The unaudited financial statements for the Registrant for the second quarter
ended June 30, 2000 and year to date are attached hereto and made a part
hereof.
Item 2. Management's Discussion and Analysis of Financial Condition and
Results of Operations.
During the past quarter and in the future, Registrant, did and will, pursuant
to the terms of the Partnership Agreement, engage in the business of
speculative trading of commodity futures and options markets through the
services of its commodity trading advisor, Bell Fundamental Futures, LLC.
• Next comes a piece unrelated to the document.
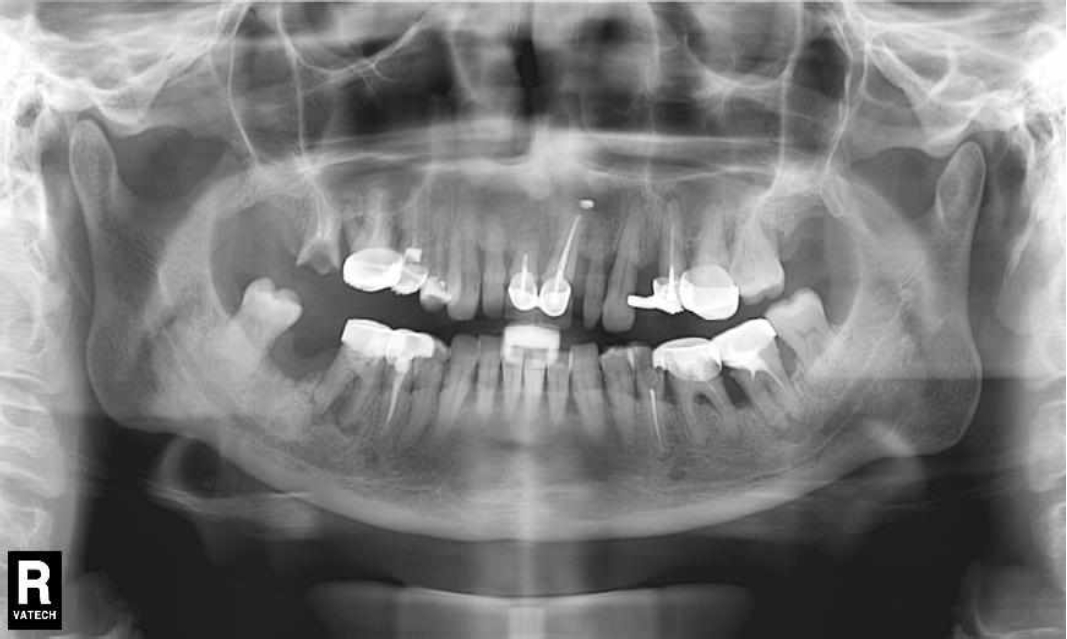 Рис. 2. Ортопантомограмма исходной ситуации пациента состояния полости рта

The Units are sold at the Net Asset Value per Unit as of the close of business
on the last day of the month in which subscriptions are received by the
General Partner. The Partnership continues to offer Units for sale to the
public.
To obtain a return of invested capital or appreciation, if any, purchasers of
Units must look solely to the redemption feature of the Partnership or to the
General Partner, in its sole judgment, to elect to make distributions. There
is no current market for the Units sold and none is expected to develop nor is
the General Partner expected to make distributions.
Part II - OTHER INFORMATION
Item 1. Legal Proceedings
None
Item 2. Changes in Securities
None
Item 3. Defaults Upon Senior Securities
None
Item 4. Submission of Matters to a Vote of Security Holders
None
Item 5. Other Information
None
Item 6. Exhibits and Reports on Form 8-K
(a) None
(b) No reports on Form 8-K
SIGNATURES
Pursuant to the requirements of Section 13 or 15 (d) of the Securities
Exchange Act of 1934, the Registrant has duly caused this Form 10-Q for the
period ended June 30, 2000, to be signed on its behalf by the undersigned,
thereunto duly authorized.
Registrant: Fremont Fund, Limited Partnership
By Pacult Asset Management, Incorporated
Its General Partner
By: /s/ Shira Del Pacult
Ms. Shira Del Pacult
Sole Director, Sole Shareholder,
President and Treasurer
Date: August 14, 2000
FREMONT FUND, LIMITED PARTNERSHIP
(An Indiana Limited Partnership)
FOR THE THREE MONTHS AND SIX MONTHS
ENDED JUNE 30, 2000 (Unaudited)
AND THE YEAR ENDED DECEMBER 31, 1999
(With Auditor's Report Thereon)
GENERAL PARTNER:
Pacult Asset Management, Inc.
5916 N. 300 West
Fremont, Indiana 46737
To The Partners
Fremont Fund, Limited Partnership
Fremont, Indiana
Independent Auditors' Report
We have audited the accompanying balance sheet of FREMONT
FUND, LIMITED PARTNERSHIP as of December 31, 1999 and the related statements
of operations, partners' equity and cash flows for the period then ended.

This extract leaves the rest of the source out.